Yo I just heard about MidJourney this year.

And this appears to be a local runtime stable diffusion streaming library?

Bruh.

Keyframe · 2023-12-24T00:54:42.000000Z

Singularity is real, but it's people. Amazing fast-paced progress.

programjames · 2023-12-24T02:01:42.000000Z

This paper is horribly written. It's like the authors are trying to sell me on them as researchers, instead of helping me understand their research (y'know, the entire reason journals got started??). An entire section for "stream batching" was just too much, and none of their ideas were innovative or unique. It was incredibly dense, simply because it's obfuscated, which makes me believe the authors themselves don't really understand what they're doing.

The results aren't even very good. They claim 60x speedup, but compared to what? HuggingFace's Diffusers Autopipeline... a company notorious for buggy code and inefficient pipelines. And that's for naively running the pipeline on every image.
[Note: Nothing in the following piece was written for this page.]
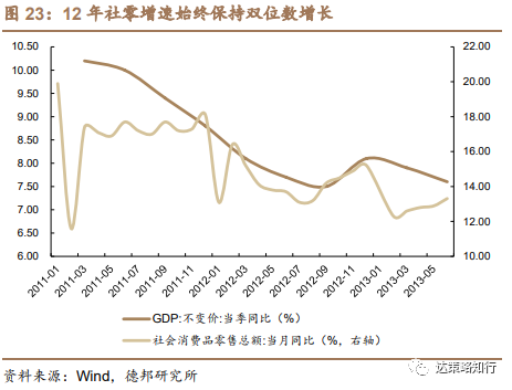 经济走弱背景下,业绩韧性较强的食品饮料在12年前三季度较为抗跌,但11月的“塑化剂”事件冲击使得行业指数快速下行。12Q2和Q3国内GDP同比增速边际下行,市场情绪低迷、整体风险偏好下行,万得全A归母净利润同比负增长,在此背景下,消费基本面相对较好,食品饮料、美容护理、家用电器行业业绩保持中高双位数增长,因此,较强的基本面支撑使得包括食品饮料在内的部分消费行业在12年前三季度表现更为抗跌。然而,12年11月19日,酒鬼酒被报道检测出塑化剂超标,随后该个别事件迅速发酵至全行业,受此影响,食品饮料指数快速大幅下跌。

Give me a break.

godelski · 2023-12-24T07:28:01.000000Z

> instead of helping me understand their research (y'know, the entire reason journals got started??)

ML is crazy right now and people don't see papers as means of researchers communicating to other researchers. You write papers to reviewers. But your reviewers are stochastic so it's hard to write to them because they may or may not be in your niche.

I'll add though that this isn't why journals were created and that CS/ML doesn't typically use journals ({T,J}MLR, PAMI, and a few exist, sure) and instead write to conferences. Fixed dates, zero sum, 1.5 shot setting (1 rebuttal, zero revisions). Journals were created for dissemination of papers, indirectly about communicating to one another, but you know... now we got Arxiv and blogs and websites are sometimes way better just like how papers got better with pictures with computer graphics.

kristopolous · 2023-12-24T02:25:01.000000Z

Somehow just hacking together code to create something is considered publishable these days. The code works but it really is just pasted together stuff from the last few weeks of research.

godelski · 2023-12-24T07:33:12.000000Z

I don't think I have a problem with this tbh. Though this specifically looks more engineering and product oriented. What I do have a problem with is comparing papers across vastly different TRLs and comparing works done with 100 GPU years of compute to works with 1 GPU year (or less). Just completely different class of works and comparing is void of context, you know?

The reason I don't have a problem is I see papers as how we researchers communicate with other researchers. But I feel that's not how everyone sees them and there's the aspect that this is how we're judged so incentives get misaligned with actual goal. Idk if the reward hacking is ironic or makes sense because our job is to optimize. But don't let anyone try to convince you that reward (or any cost function) is enough.

pro9 · 2023-12-24T02:55:11.000000Z

The parameters and algorithms can be inferred from the code. Perhaps what’s unnecessary is tradition to wrap physical reality in human language semantics.

The complexity is in the hardware. Programming has only ever been templating desired machine state. Programmers fell into a religious like state of seeing their more ornate efforts as essential to making a purpose built counting machine count.